▶ [TASK DESCRIPTION]: In the records below, find the line with "广州市黄埔区职业技能培训2024年12月开班计划表", then retype it and every following line exactly, stopping after the line with "Sinh viên đặt". Leave the pictures out.

== INPUT MATERIAL

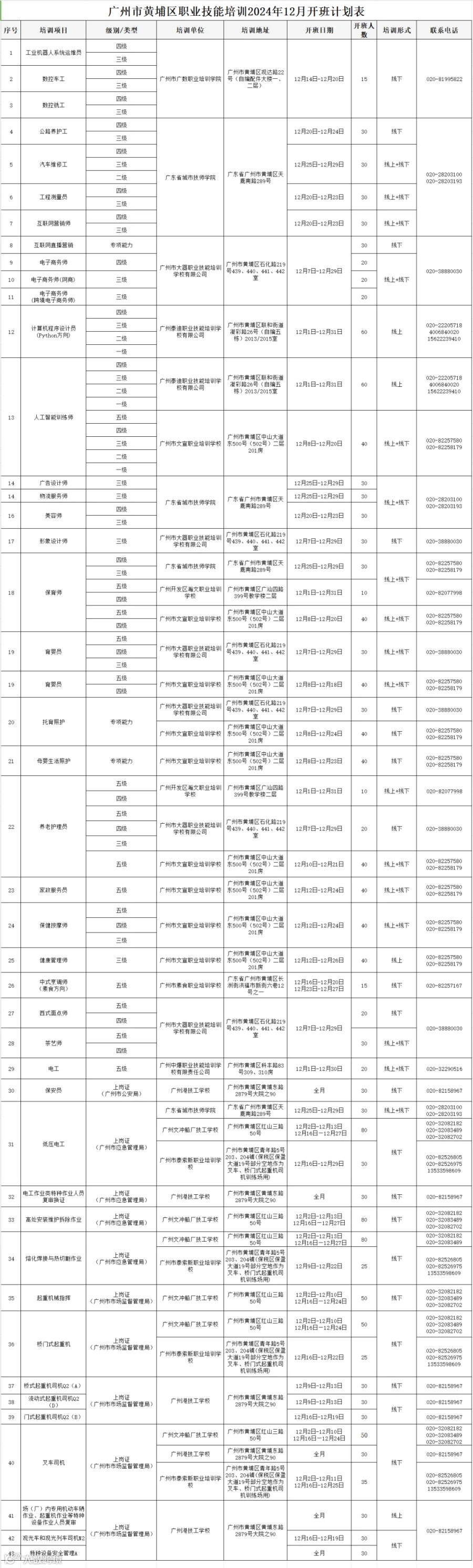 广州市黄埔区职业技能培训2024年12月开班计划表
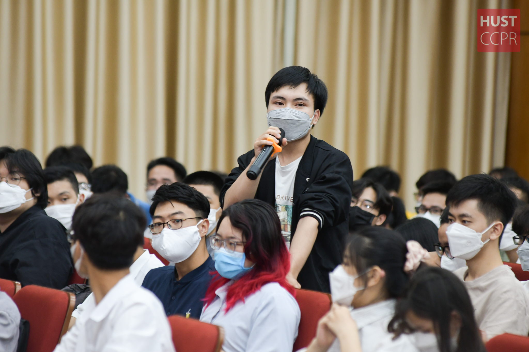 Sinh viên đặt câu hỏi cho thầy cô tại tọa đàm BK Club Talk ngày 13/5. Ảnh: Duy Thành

====
== INPUT MATERIAL

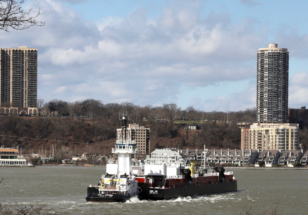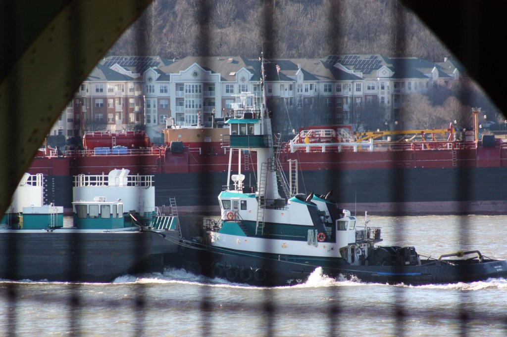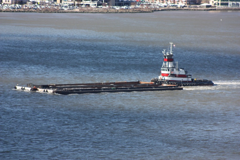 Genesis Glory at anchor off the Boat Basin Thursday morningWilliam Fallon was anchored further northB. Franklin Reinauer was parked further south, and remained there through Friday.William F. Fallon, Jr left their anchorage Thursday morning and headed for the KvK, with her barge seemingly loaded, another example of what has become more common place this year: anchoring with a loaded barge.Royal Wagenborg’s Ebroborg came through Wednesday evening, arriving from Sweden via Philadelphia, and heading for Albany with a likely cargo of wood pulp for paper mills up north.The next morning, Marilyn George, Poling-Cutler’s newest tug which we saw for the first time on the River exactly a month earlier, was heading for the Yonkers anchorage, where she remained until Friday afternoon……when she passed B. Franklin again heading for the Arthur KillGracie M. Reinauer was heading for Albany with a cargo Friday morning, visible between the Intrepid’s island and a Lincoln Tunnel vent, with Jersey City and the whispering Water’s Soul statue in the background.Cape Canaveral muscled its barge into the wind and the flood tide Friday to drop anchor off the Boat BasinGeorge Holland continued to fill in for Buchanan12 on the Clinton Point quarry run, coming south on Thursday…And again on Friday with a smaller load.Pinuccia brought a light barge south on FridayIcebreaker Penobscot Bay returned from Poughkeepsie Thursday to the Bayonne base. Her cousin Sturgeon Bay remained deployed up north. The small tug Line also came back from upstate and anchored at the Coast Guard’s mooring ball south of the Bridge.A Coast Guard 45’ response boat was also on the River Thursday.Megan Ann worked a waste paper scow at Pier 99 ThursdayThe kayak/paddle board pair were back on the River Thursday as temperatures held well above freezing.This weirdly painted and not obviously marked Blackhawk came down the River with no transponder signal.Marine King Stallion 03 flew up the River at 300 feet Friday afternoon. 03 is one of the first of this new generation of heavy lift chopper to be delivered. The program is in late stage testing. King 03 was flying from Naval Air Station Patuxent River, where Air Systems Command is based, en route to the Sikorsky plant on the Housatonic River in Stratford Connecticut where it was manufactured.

====

▶ [WRITTEN SOLUTION]:
 广州市黄埔区职业技能培训2024年12月开班计划表
 Sinh viên đặt câu hỏi cho thầy cô tại tọa đàm BK Club Talk ngày 13/5. Ảnh: Duy Thành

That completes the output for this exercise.